By Nellis Kennedy-Howard
My wife and I recently took a trip and did something we’ve been putting off for years. We visited the site of the Sand Creek Massacre.
At a very early age, I learned about the near-genocide of the Cheyenne and Arapaho people that took place at Sand Creek. But not everyone grew up learning that kind of history, so I’ll share what I know.
The Sand Creek Massacre took place in 1864. The territorial Governor of Colorado, John Evans, invited Native tribes to shelter at Fort Lyon, promising safety from military forces as the Civil War unfolded. Evans was no friend to Native peoples, around the same time, he issued a series of proclamations inviting Coloradans to join militias to “go out in pursuit, kill and destroy all hostile Indians that infest the Plains…”

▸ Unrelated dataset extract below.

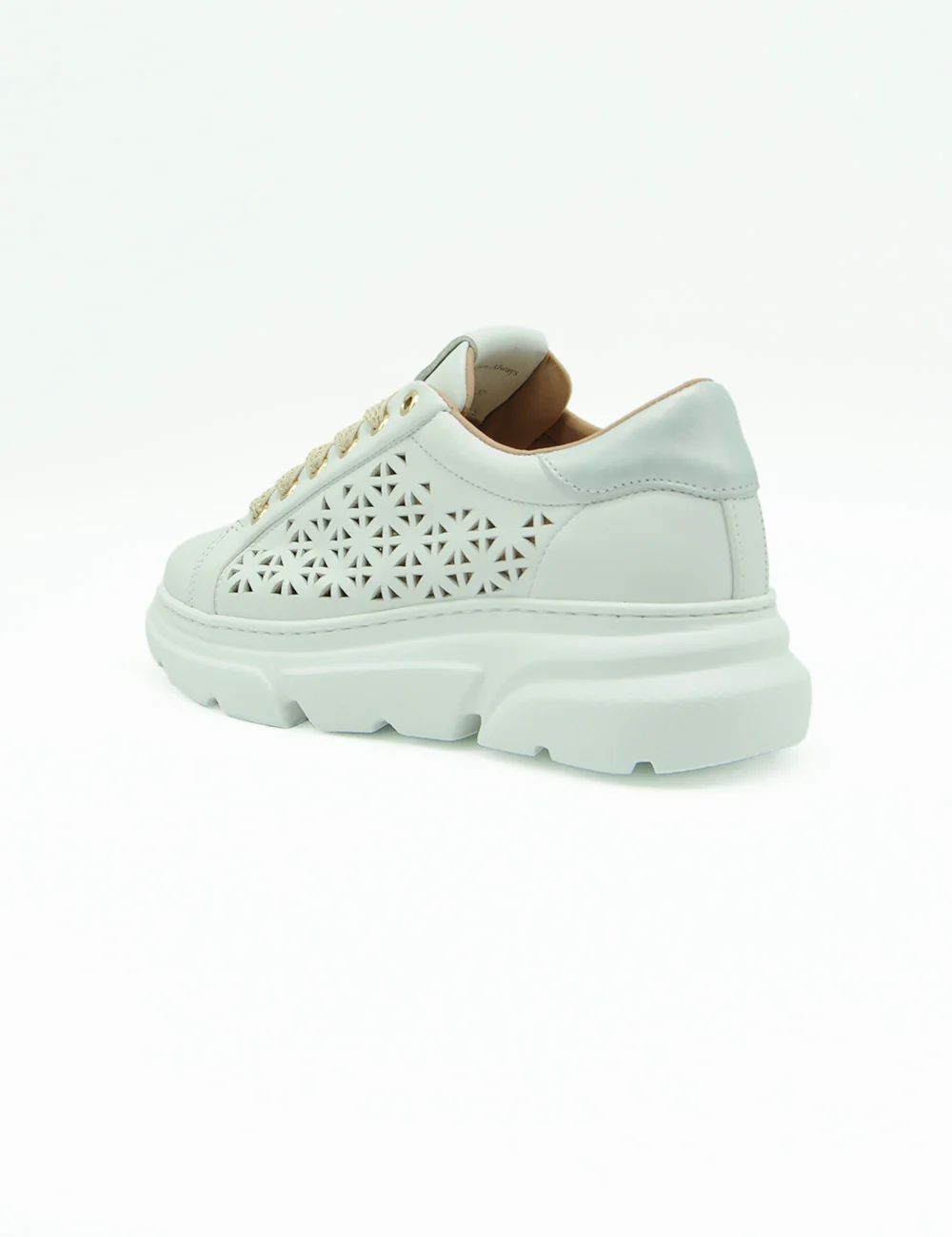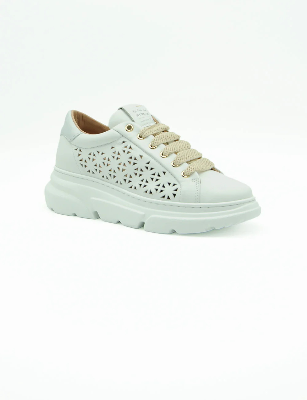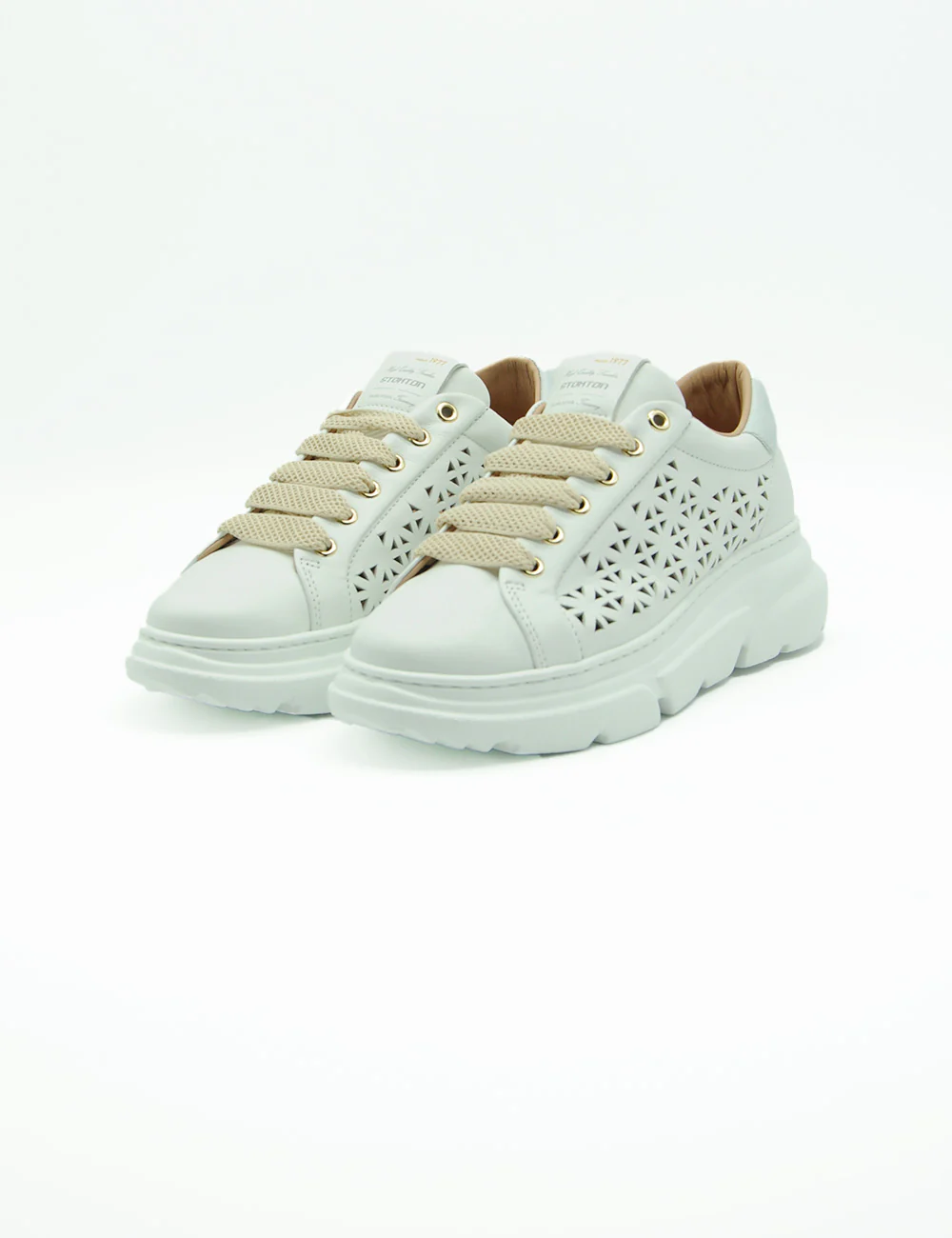 La sneaker Stokton Calf Bianca sfida le convenzioni: pelle bianca audacemente traforata con geometrie decise, suola oversize che eleva lo stile oltre il quotidiano. Un’affermazione di personalitร che trasforma il casual in dichiarazione di lusso consapevole. Include lacci bianchi di ricambio per completare il look con sicurezza.

A group of mostly Cheyenne and Arapaho people led by Chief Black Kettle and Niwot believed Evans’s promise of safety and moved first to Fort Lyon but were then forcibly moved to Sand Creek by the military. Despite the promise of sanctuary, a 700-man cavalry brigade led by U.S. Army Colonel John Chivington descended on the camp in the early hours of November 29, 1864. They gave no warning, and when the chiefs waved a white flag tied to a U.S. flag to show their peaceful intentions, the soldiers cut them down where they stood. Most of the men were in other camps, which left hundreds of women and children defenseless in their peaceful encampment. The soldiers massacred them, cutting babies from their mothers’ bellies, and desecrated the bodies of the murdered women further by carrying away their mutilated genitals as trophies for those back in Denver. For many, their lives were taken from them while fleeing in panic, frantically attempting to burrow in the sand in order to find cover from the soldiers’ weapons.
My people also experienced the theft of their children. Many in my immediate family attended boarding schools where millions of Native children were separated from their families, abused and forced to forget their language.
A little over a decade ago, the land where the massacre took place was designated the Sand Creek Massacre National Historic Site, which is comanaged in partnership with the Cheyenne and Arapaho tribes. It’s not easy to find, far off the beaten path, with little in the way of signage. We walked the site, reflecting on the loss of generations of Native peoples. How many generations were ripped away with this single act? How many children unborn? In a single day, a nation’s leadership was crippled with the murder of 13 Cheyenne chiefs.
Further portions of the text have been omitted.